From a very young age, I was passionate about the human body, medicine, global health and specifically Africa. My parents even saved an elementary school essay where I chronicled how I would become a doctor so I can come to Africa and “help” children! This passion grew and developed into a deeper understanding of the inequalities of our world, specifically in women’s health. Where you are born should not dictate if you and your baby live or die during childbirth. I have been on several overseas medical trips, and have, realized quality medical education is a pillar for success in global health. When I learned about GHSP, I was thrilled to find a program that values education and strives for sustainability. Partnering with our Liberian colleagues, we are training the next generation of doctors, midwives, and nurses who will serve the Liberian people and train future health care professionals.
What do you find most inspiring about working in Liberia?
Change is possible. When I first arrived in Liberia and began working alongside the doctors and nurses in the hospital, I observed how little clinicians would speak to or examine patients. I soon learned that a number of factors, including cultural recognitions of hierarchy within the hospital, meant that little value was placed on what we in the U.S. would call “compassionate care”.
So, I decided to help be that change in my hospital. I focused on modeling compassionate care to the residents and hospital staff. I spent time discussing with patients their care plan, searching the internet for information on how to treat complicated cases in limited resource settings, and encouraging the staff to do the same. At first, few seemed interested.

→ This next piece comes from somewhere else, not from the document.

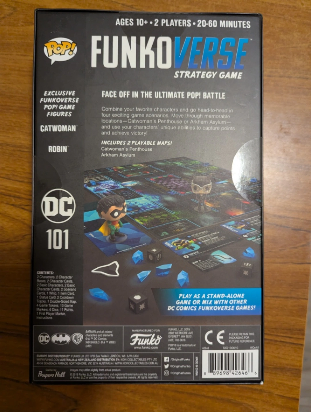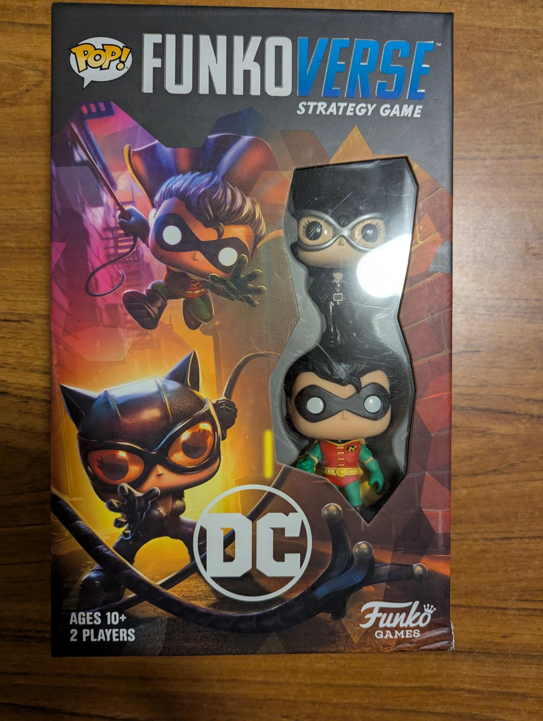 Funkoverse Strategy Game featuring Catwoman and Robin. Includes two playable characters, game board, and all necessary game components. Ages 10+, 2 players, 20-60 minute playtime. New, unopened box.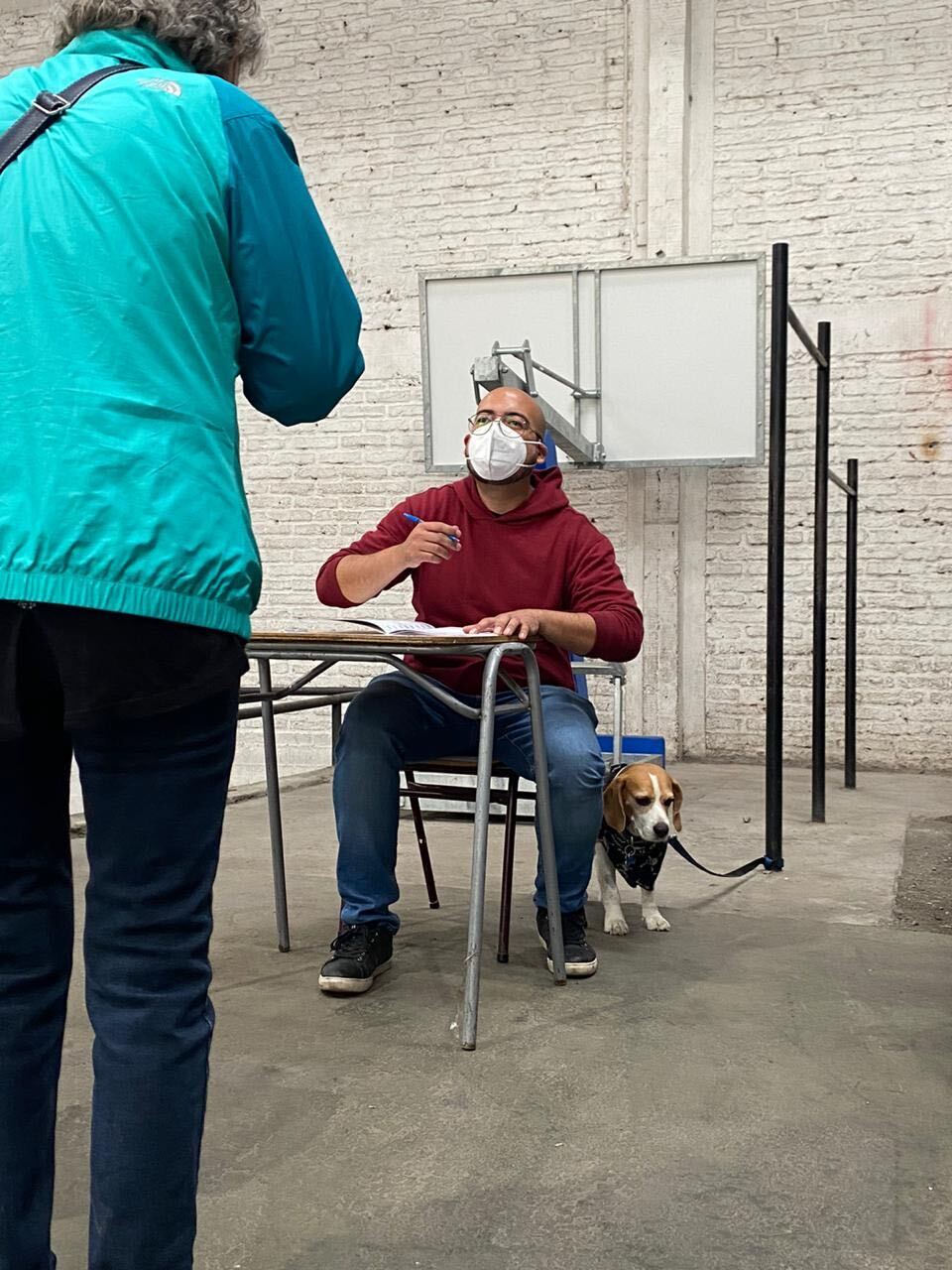 Daniel tuvo que acudir junto a su perro Tango para cumplir con este rol en la jornada del plebiscito. Es cuarta vez que fue citado a cumplir como vocal de mesa, pero es primera vez que dejan que su mascota lo acompañe.

But then, three patients returned to the hospital, and in their treatment, something wonderful happened. The residents took complete responsibility and control in care of these patients. They took the time to coordinate their care, discussed proper hygiene with the patients, and made sure the patients got their antibiotics on time. Slowly but surely, they started discussing plans of care with patients and researching what could be going on with their patients. I’ve never been prouder of them.

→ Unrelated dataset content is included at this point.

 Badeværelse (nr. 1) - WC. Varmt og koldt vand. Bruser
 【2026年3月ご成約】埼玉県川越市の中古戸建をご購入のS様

With all of us GHSP Volunteers, other volunteers from around world, and our Liberian colleagues working together to strengthen care and patient outcomes, we will make the system better. We must continue to encourage those around us to push further and work harder because the women of Liberia deserve better.
What do you think is the most important approach to increasing and improving the global healthcare workforce?
It’s simple: Education. Education. Education.
What is the value for U.S. clinicians of spending time practicing medicine in resource-limited settings?
Working in a low-resource setting has taught me many valuable lessons and skills. The art of history-taking and physical exam skills are sometimes missed during training in the U.S. as we can rely so heavily on diagnostic tests, but in lower-resource settings they are often all you have.
For example, estimating location, size and number of fibroids has become an acquired skill from physical exam and abdominal ultrasound. You use your training and skill to “figure it out.” Don’t have the recommended antibiotics? Ask the pharmacy what’s in stock and go back to that microbiology class in medical school to figure out what drugs will cover the bugs you are trying to cover. Don’t have packing? Tie many, many four by four gauzes together. Don’t have the suture you’re used to? Review the properties of the sutures and decide which one will work the best. Working here has made me a better clinician.
In addition, you learn to truly appreciate childbirth, both the dangers and the triumphs. Childbirth can be a life-threatening event in a woman’s life which is sometimes overlooked in the U.S. After experiencing loss, you gain a great appreciation for life. You realize the importance of what you’re doing and appreciate the need for greater training of all health care facility staff, everywhere.